**Work instruction:**
If a picture appears in the records, leave it out and transcribe the rest exactly.

**The data:**
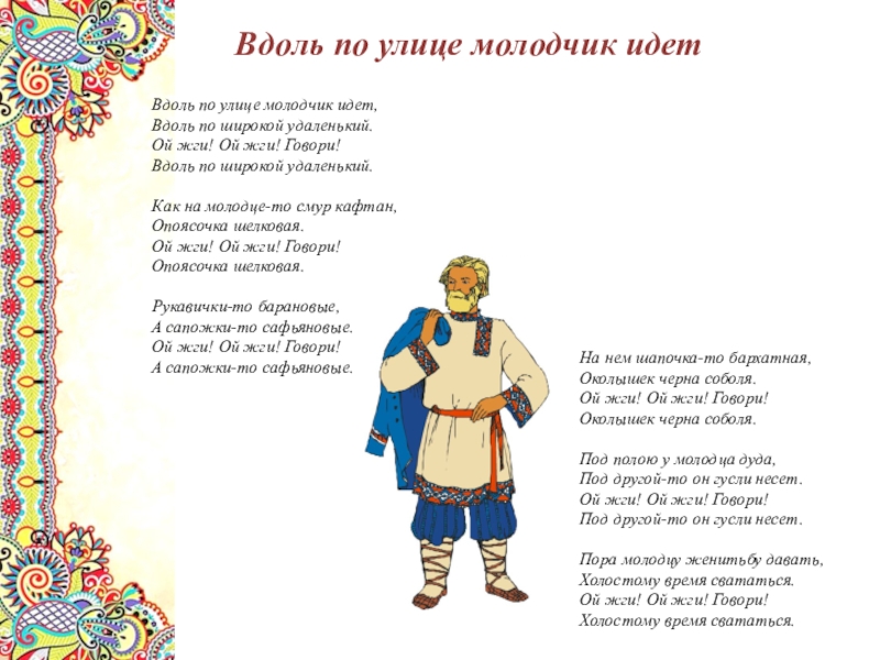 — колядки, масленичные, веснянки, купальские, свадебные, похоронные, игровые, календарные, плясовые, игровые, хороводные, шуточные, солдатские.
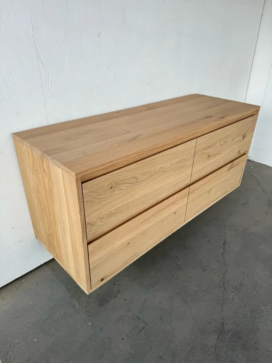 Dit badkamermeubel is gemaakt van 2cm massief rustiek eikenhout. Het meubel wordt standaard behandeld met 2k skylt of een van de 40 verschillende kleuren olie van rubio monocoat. Dit maakt het uitermate geschikt voor in de badkamer en makkelijk schoon te houden. Het meubel kan geleverd worden in verschillende kleuren. Dit meubel is behandeld in de kleur: 2k Skylt.
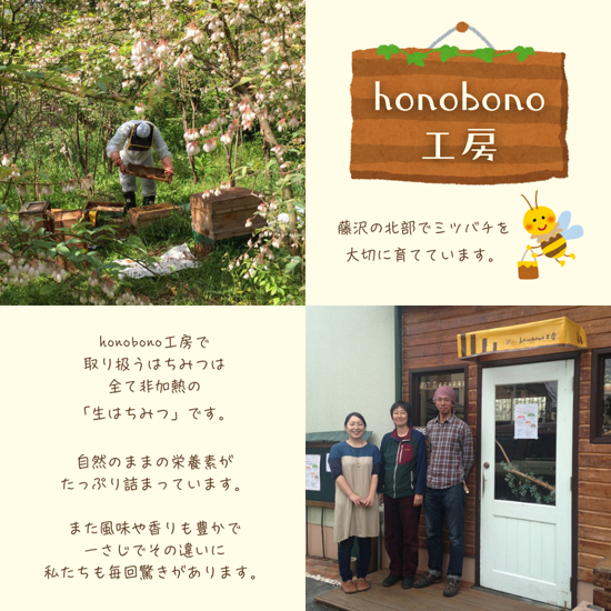 新潟のお米と、藤沢の北部でミツバチを大切に育てている「honobono工房」が自家採蜜した天然はちみつを使用。
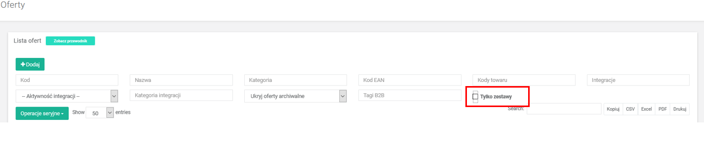 Oferty typu zestaw możesz łatwo filtrować na liście ofert (V1: Dane sprzedaży → Oferty).
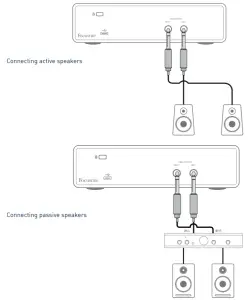 The line outputs are 3-pole (TRS) ¼” (6.35 mm) jack sockets, and are electronically balanced. Typical consumer (Hi-Fi) amplifiers and small active monitors have unbalanced inputs, either on phono (RCA) sockets, or a 3.5 mm TRS jack plug to connect to a computer. In either case, use a suitable connecting cable with jack plugs at one end.
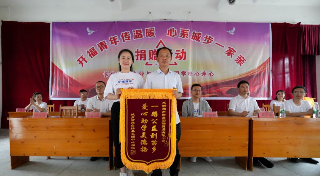 On June 10th, following the 'Kaifu Youth Spreading Warmth and Care for the City' by Changsha Jinxia Bonded Logistics Center, Kaifu District Agriculture and Rural Bureau, Kaifu District Education Bureau, Kaifu District Committee of the Communist Youth League, and Kaifu District Youth Volunteer Association A 'love' donation team, Hunan Caisheng International Trade Co., Ltd. once again visited the second donated school in Shaoyang Chengbu Miao Autonomous County - Wutuan Town Central School.
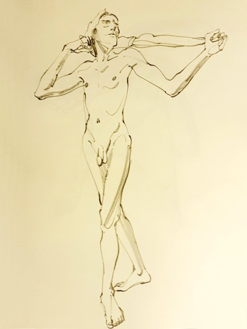 Occasionally I made use of a perching stool, and once I posed with my umbrella, but otherwise it was just me and my body. So many extraordinary drawings were crafted, capturing the figure and often playfully suggesting character. Every line seemed right first time. Thank you, Wei Wu, who created all the wonderful artworks in this post.
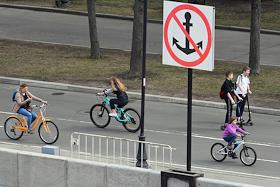 Жанровая фотография. Весна в Москве. Взрослые и дети катаются на велосипедах и самокаты по дорожкам паркам на набережной Москва-реки.

**Task output:**
 — колядки, масленичные, веснянки, купальские, свадебные, похоронные, игровые, календарные, плясовые, игровые, хороводные, шуточные, солдатские.
 Dit badkamermeubel is gemaakt van 2cm massief rustiek eikenhout. Het meubel wordt standaard behandeld met 2k skylt of een van de 40 verschillende kleuren olie van rubio monocoat. Dit maakt het uitermate geschikt voor in de badkamer en makkelijk schoon te houden. Het meubel kan geleverd worden in verschillende kleuren. Dit meubel is behandeld in de kleur: 2k Skylt.
 新潟のお米と、藤沢の北部でミツバチを大切に育てている「honobono工房」が自家採蜜した天然はちみつを使用。
 Oferty typu zestaw możesz łatwo filtrować na liście ofert (V1: Dane sprzedaży → Oferty).
 The line outputs are 3-pole (TRS) ¼” (6.35 mm) jack sockets, and are electronically balanced. Typical consumer (Hi-Fi) amplifiers and small active monitors have unbalanced inputs, either on phono (RCA) sockets, or a 3.5 mm TRS jack plug to connect to a computer. In either case, use a suitable connecting cable with jack plugs at one end.
 On June 10th, following the 'Kaifu Youth Spreading Warmth and Care for the City' by Changsha Jinxia Bonded Logistics Center, Kaifu District Agriculture and Rural Bureau, Kaifu District Education Bureau, Kaifu District Committee of the Communist Youth League, and Kaifu District Youth Volunteer Association A 'love' donation team, Hunan Caisheng International Trade Co., Ltd. once again visited the second donated school in Shaoyang Chengbu Miao Autonomous County - Wutuan Town Central School.
 Occasionally I made use of a perching stool, and once I posed with my umbrella, but otherwise it was just me and my body. So many extraordinary drawings were crafted, capturing the figure and often playfully suggesting character. Every line seemed right first time. Thank you, Wei Wu, who created all the wonderful artworks in this post.
 Жанровая фотография. Весна в Москве. Взрослые и дети катаются на велосипедах и самокаты по дорожкам паркам на набережной Москва-реки.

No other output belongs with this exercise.